*Task goal*
How many of the lines in the material below contain the word "made"? Give the number alone.

*Records provided*
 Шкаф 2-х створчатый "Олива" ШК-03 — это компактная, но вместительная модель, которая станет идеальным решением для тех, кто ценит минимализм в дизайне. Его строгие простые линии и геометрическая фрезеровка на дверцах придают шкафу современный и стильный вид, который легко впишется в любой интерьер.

==

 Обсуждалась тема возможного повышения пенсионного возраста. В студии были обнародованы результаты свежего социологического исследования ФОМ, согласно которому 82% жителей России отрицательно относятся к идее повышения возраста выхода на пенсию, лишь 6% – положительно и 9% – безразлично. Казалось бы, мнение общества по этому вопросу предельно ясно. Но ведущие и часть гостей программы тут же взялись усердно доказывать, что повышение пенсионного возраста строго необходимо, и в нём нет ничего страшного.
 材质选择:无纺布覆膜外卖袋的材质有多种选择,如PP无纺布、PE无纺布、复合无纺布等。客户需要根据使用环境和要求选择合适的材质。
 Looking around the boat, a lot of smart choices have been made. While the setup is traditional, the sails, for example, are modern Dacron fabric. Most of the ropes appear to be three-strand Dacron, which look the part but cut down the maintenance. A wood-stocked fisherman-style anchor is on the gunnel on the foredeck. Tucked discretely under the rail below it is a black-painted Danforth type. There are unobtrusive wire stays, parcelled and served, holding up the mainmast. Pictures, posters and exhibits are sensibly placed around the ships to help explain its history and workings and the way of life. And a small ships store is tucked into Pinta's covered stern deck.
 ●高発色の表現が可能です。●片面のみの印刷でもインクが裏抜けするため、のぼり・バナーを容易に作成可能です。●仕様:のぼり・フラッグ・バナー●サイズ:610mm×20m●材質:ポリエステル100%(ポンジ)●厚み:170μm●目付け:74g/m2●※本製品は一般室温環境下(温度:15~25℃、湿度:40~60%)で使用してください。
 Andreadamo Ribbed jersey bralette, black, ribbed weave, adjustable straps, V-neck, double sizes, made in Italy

---

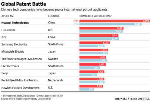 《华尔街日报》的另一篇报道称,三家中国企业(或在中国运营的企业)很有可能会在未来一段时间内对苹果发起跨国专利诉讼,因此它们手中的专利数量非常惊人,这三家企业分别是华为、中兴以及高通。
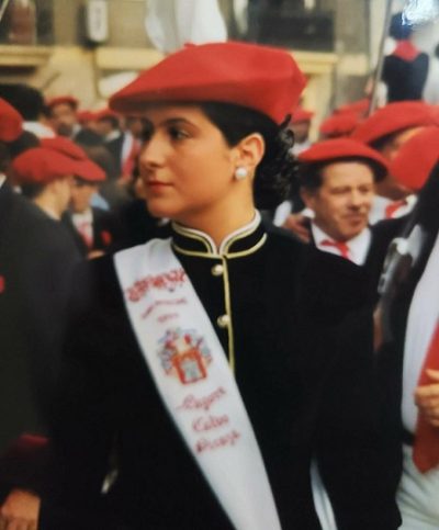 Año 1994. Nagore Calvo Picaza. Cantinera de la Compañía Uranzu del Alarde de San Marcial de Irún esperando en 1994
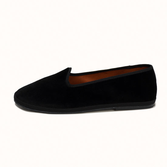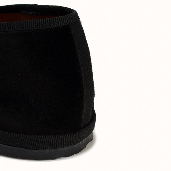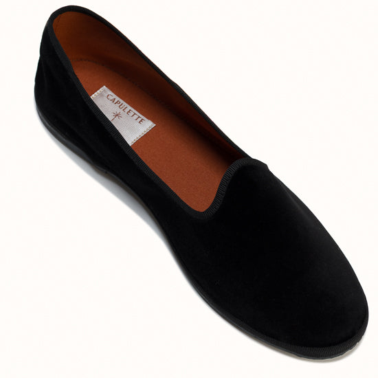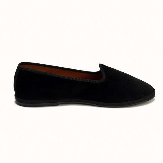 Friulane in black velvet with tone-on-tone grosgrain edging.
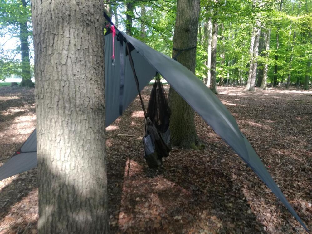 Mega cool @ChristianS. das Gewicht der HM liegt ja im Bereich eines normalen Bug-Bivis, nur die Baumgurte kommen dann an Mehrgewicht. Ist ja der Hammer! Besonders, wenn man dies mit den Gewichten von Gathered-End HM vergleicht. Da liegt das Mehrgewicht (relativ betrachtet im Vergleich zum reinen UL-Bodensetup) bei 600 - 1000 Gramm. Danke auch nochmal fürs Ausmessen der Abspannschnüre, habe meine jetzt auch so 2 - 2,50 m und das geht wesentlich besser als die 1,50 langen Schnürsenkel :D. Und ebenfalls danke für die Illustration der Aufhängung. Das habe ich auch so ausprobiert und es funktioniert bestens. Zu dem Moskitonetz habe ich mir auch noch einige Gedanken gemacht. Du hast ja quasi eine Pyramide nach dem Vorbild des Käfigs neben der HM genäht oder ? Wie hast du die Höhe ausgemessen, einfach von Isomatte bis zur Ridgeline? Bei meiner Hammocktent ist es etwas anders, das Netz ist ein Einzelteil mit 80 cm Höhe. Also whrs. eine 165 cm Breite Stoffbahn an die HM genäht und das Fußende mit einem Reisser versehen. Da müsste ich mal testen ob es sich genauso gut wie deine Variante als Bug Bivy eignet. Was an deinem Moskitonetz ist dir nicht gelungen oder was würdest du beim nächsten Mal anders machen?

*Result of the task*
2